Search code examples
pythonpdfdocxpythonanywherepython-docx

Converting docx to pdf with pure python (on linux, without libreoffice)


I'm dealing with a problem trying to develop a web-app, part of which converts uploaded docx files to pdf files (after some processing). With python-docx and other methods, I do not require a windows machine with word installed, or even libreoffice on linux, for most of the processing (my web server is pythonanywhere - linux but without libreoffice and without sudo or apt install permissions). But converting to pdf seems to require one of those. From exploring questions here and elsewhere, this is what I have so far:

import subprocess

try:
    from comtypes import client
except ImportError:
    client = None

def doc2pdf(doc):
    """
    convert a doc/docx document to pdf format
    :param doc: path to document
    """
    doc = os.path.abspath(doc) # bugfix - searching files in windows/system32
    if client is None:
        return doc2pdf_linux(doc)
    name, ext = os.path.splitext(doc)
    try:
        word = client.CreateObject('Word.Application')
        worddoc = word.Documents.Open(doc)
        worddoc.SaveAs(name + '.pdf', FileFormat=17)
    except Exception:
        raise
    finally:
        worddoc.Close()
        word.Quit()


def doc2pdf_linux(doc):
    """
    convert a doc/docx document to pdf format (linux only, requires libreoffice)
    :param doc: path to document
    """
    cmd = 'libreoffice --convert-to pdf'.split() + [doc]
    p = subprocess.Popen(cmd, stderr=subprocess.PIPE, stdout=subprocess.PIPE)
    p.wait(timeout=10)
    stdout, stderr = p.communicate()
    if stderr:
        raise subprocess.SubprocessError(stderr)

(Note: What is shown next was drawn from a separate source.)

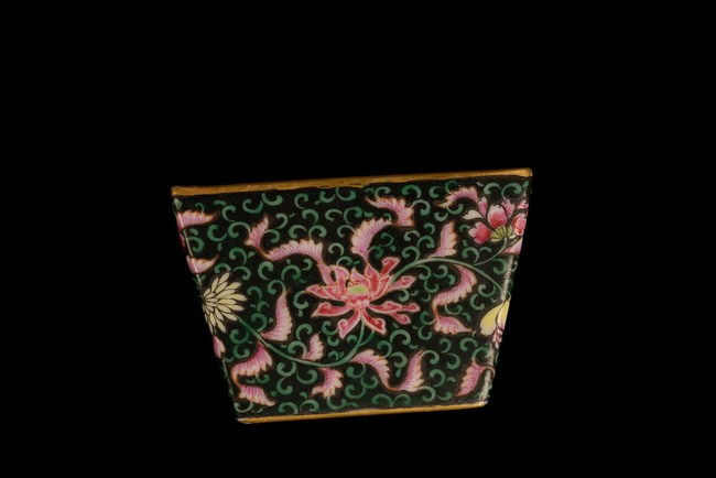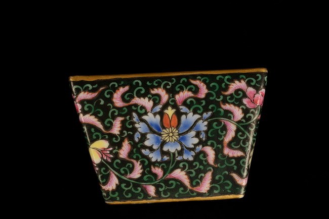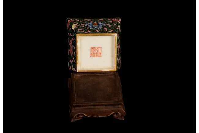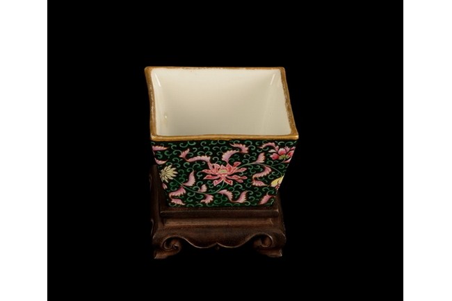 An enameled censer with designs of lotus blossom on four sides, and accentuated with gilt on the rim and base. It also bears a six character "QIANLONG" mark. The piece is completed with a Zitan stand. Qing Dynasty period.

As you can see, one method requires comtypes, another requires libreoffice as a subprocess. Other than switching to a more sophisticated hosting server, is there any solution?


Solution

  • The PythonAnywhere help pages offer information on working with PDF files here: https://help.pythonanywhere.com/pages/PDF

    Summary: PythonAnywhere has a number of Python packages for PDF manipulation installed, and one of them may do what you want. However, shelling out to abiword seems easiest to me. The shell command abiword --to=pdf filetoconvert.docx will convert the docx file to a PDF and produce a file named filetoconvert.pdf in the same directory as the docx. Note that this command will output an error message to the standard error stream complaining about XDG_RUNTIME_DIR (or at least it did for me), but it still works, and the error message can be ignored.